Смуглое лицо Люка побледнело, а весь он стал таким угрожающе холодным, что, услышав голос Эллиота, Верити с облегчением вздохнула.
— Верити, я спросил в отеле, и мне сказали, что ты здесь! — объявил он, входя в гостиную. — Ты сбежала, даже не попрощавшись! Как так можно? Боже правый, человек летит к черту на кулички, только чтобы тебя повидать, а ты…
Увидев повязку на ее ноге, он нахмурился.
— Что с тобой? Дотанцевалась? Вот с этим самым приятелем? — И он бросил на Люка уничтожающий взгляд.
Люк медленно поднялся со стула, возвышаясь над Эллиотом на добрых четыре дюйма. Кривая ухмылка на его губах не предвещала ничего хорошего. Самодовольное выражение как-то само по себе потихоньку сошло с лица Эллиота.
— Лично я убежден, что, танцуя с вами, Грозвенор, Верити подвергалась значительно большей опасности. Кстати, вас сюда никто не звал. И я бы посоветовал вам выйти вон.
— Что? Что? — Глаза у Эллиота вылезли из орбит, и он смотрел на Люка с таким ошарашенным видом, что при других обстоятельствах Верити просто покатилась бы со смеху.
— Эллиот, только не сейчас… — начала она устало, поднимаясь на ноги и держась за спинку софы. — Давай оставим разговоры на завтра.

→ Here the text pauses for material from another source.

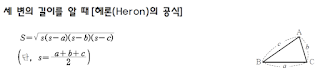 삼각형의 넓이는 밑변 곱하기 높이 나누기 2입니다. 누구나 다 아는 기본적인 공식이죠. 그런데 세 변의 길이만 주어져도 삼각형의 넓이를 구할 수가 있습니다. 바로 헤론의 공식 (Heron’s Formula)덕분입니다.

— Погоди-ка… — пробормотал он, переводя взгляд с раскрасневшихся щек Верити на бесстрастное лицо Люка. Затем добавил: — Я что-то не понимаю, между вами что-то есть?
— Нет, между нами ничего нет и, честно говоря, Эллиот…
— Вы слышали, что вам сказала молодая леди? — резко вмешался Люк. — Так что либо поищите себе какое-нибудь другое развлечение, либо смените отель!
— Послушайте, — вскричал Эллиот, — такого оскорбления мне еще никто никогда не наносил.
Люк далеко не ласково выпроводил Эллиота из комнаты. Когда же вернулся, внешне все такой же невозмутимый, но со злорадным блеском в глазах, Верити кипела от возмущения.
— Твой друг совсем забыл о том, что пересек несколько часовых поясов, — сказал он, небрежно растягивая слова и глядя на ее сжатые от ярости кулаки.
— По всему видно, что тебе доставляет удовольствие оскорблять людей. Ты со всеми своими клиентами так обращаешься? — начала она запальчиво.